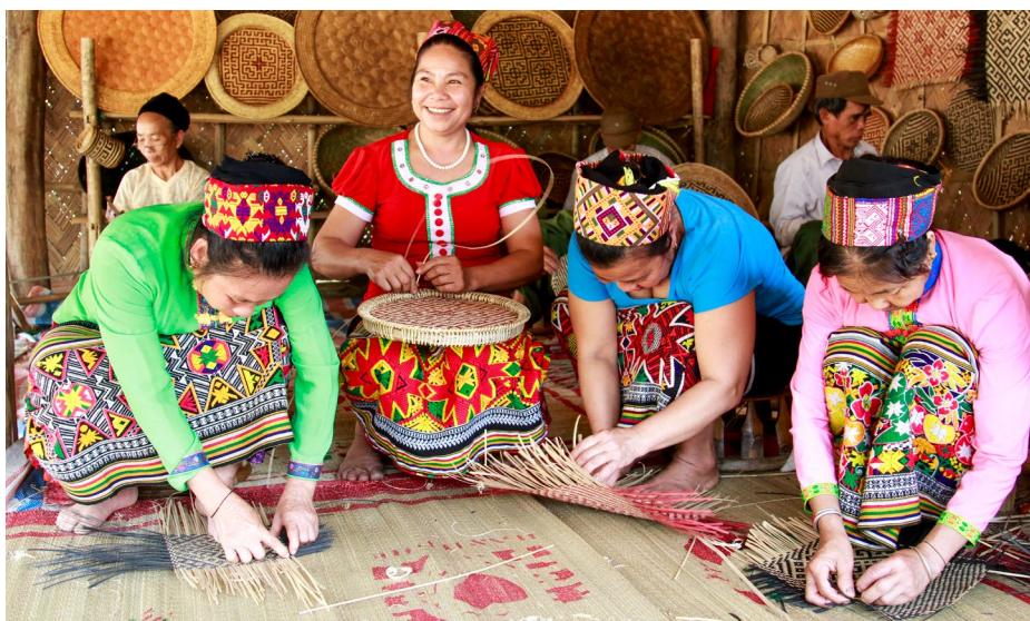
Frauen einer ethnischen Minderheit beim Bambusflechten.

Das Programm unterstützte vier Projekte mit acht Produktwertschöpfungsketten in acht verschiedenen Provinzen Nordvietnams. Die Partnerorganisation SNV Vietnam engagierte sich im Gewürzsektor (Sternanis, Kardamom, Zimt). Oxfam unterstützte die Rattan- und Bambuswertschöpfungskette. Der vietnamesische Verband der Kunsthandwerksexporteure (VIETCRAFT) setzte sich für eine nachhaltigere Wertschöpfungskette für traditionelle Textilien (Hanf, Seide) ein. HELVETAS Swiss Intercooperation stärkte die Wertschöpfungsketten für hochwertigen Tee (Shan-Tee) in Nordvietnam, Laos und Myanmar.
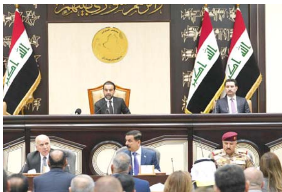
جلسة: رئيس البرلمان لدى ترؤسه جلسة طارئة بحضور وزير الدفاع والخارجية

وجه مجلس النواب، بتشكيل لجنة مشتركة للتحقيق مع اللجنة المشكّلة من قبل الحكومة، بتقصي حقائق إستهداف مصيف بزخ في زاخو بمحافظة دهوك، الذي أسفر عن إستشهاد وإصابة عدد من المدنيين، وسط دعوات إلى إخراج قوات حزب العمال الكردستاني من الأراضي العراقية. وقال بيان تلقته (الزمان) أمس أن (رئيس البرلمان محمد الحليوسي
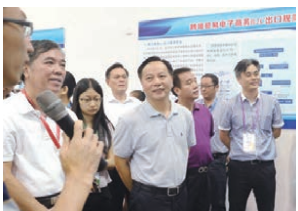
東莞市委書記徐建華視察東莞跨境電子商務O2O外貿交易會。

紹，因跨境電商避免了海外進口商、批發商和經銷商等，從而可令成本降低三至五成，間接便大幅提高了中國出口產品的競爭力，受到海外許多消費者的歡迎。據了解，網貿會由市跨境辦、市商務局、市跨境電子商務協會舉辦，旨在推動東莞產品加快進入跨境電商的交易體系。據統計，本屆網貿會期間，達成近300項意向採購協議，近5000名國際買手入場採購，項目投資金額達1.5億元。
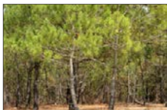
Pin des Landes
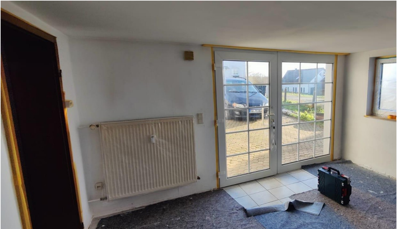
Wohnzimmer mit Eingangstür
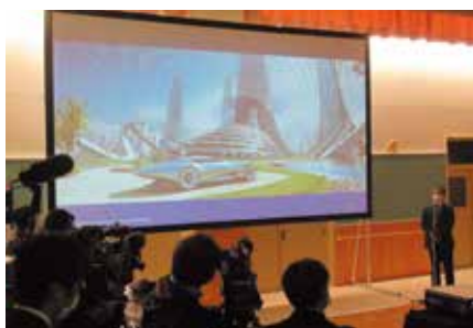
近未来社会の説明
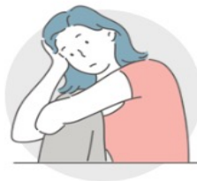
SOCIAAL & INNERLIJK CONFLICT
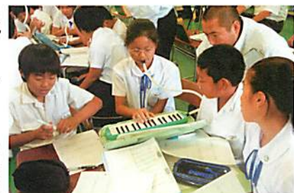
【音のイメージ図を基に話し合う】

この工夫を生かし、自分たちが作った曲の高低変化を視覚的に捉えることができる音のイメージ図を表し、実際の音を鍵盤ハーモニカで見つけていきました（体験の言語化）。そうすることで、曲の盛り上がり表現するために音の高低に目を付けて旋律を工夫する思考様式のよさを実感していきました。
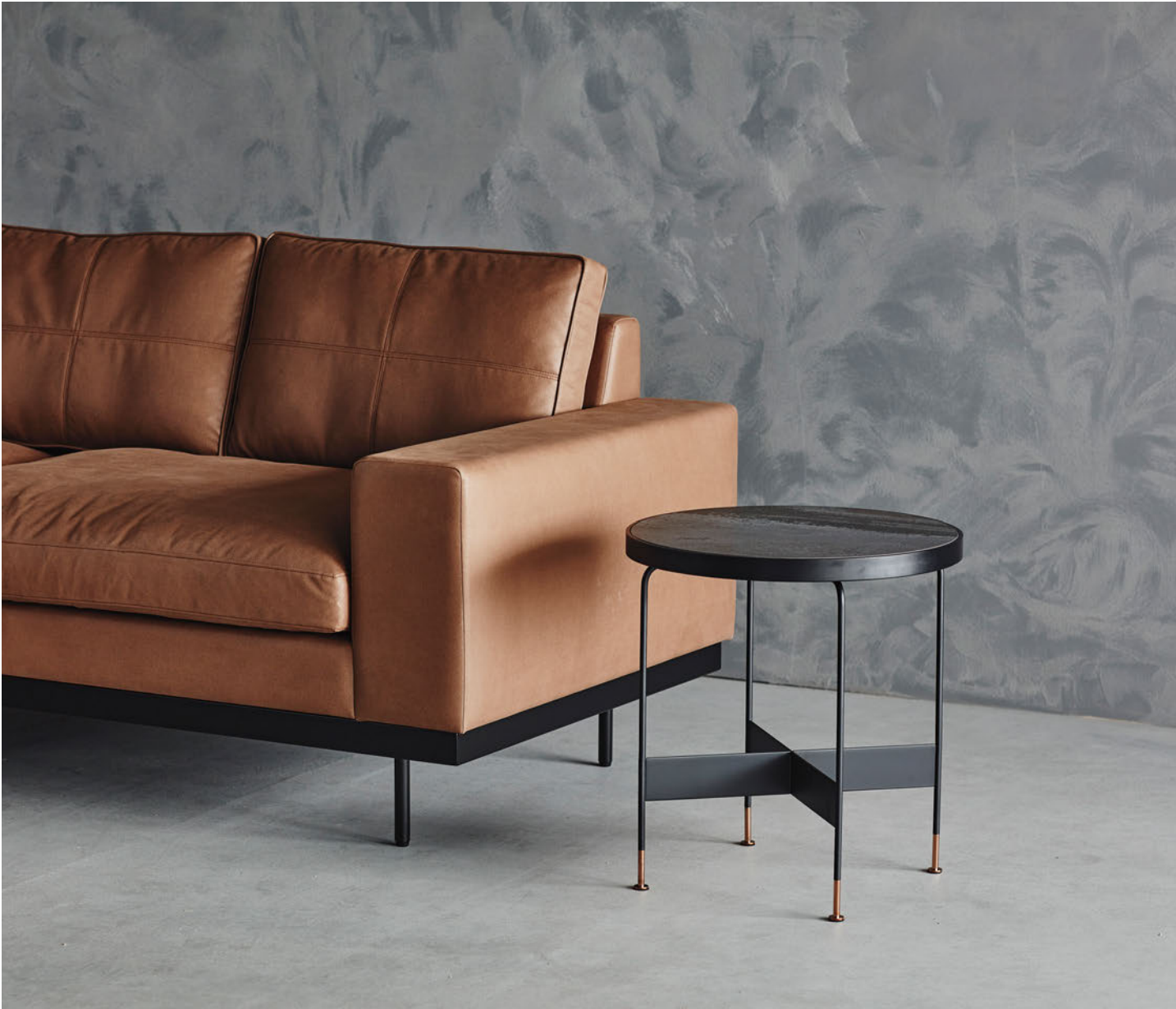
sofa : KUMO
+++
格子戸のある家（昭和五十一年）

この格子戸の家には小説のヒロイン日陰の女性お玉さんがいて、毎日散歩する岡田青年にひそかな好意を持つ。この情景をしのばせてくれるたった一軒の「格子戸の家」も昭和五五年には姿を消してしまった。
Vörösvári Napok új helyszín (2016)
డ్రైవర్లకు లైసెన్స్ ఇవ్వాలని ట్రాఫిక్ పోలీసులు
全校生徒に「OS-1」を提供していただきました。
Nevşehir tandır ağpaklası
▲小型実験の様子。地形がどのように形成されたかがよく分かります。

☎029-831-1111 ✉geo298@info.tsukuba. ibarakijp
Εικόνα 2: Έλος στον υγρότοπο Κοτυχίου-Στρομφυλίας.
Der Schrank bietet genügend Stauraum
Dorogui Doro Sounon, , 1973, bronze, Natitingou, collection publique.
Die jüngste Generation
+++
● **Problem statement**
For this task, write out exactly the lines of the entries above, starting at the line with "全校生徒に「OS-1」を提供していただきました。" and ending at the line with "Die jüngste Generation", both included, and no others.

● **Task response**
全校生徒に「OS-1」を提供していただきました。
Nevşehir tandır ağpaklası
▲小型実験の様子。地形がどのように形成されたかがよく分かります。

☎029-831-1111 ✉geo298@info.tsukuba. ibarakijp
Εικόνα 2: Έλος στον υγρότοπο Κοτυχίου-Στρομφυλίας.
Der Schrank bietet genügend Stauraum
Dorogui Doro Sounon, , 1973, bronze, Natitingou, collection publique.
Die jüngste Generation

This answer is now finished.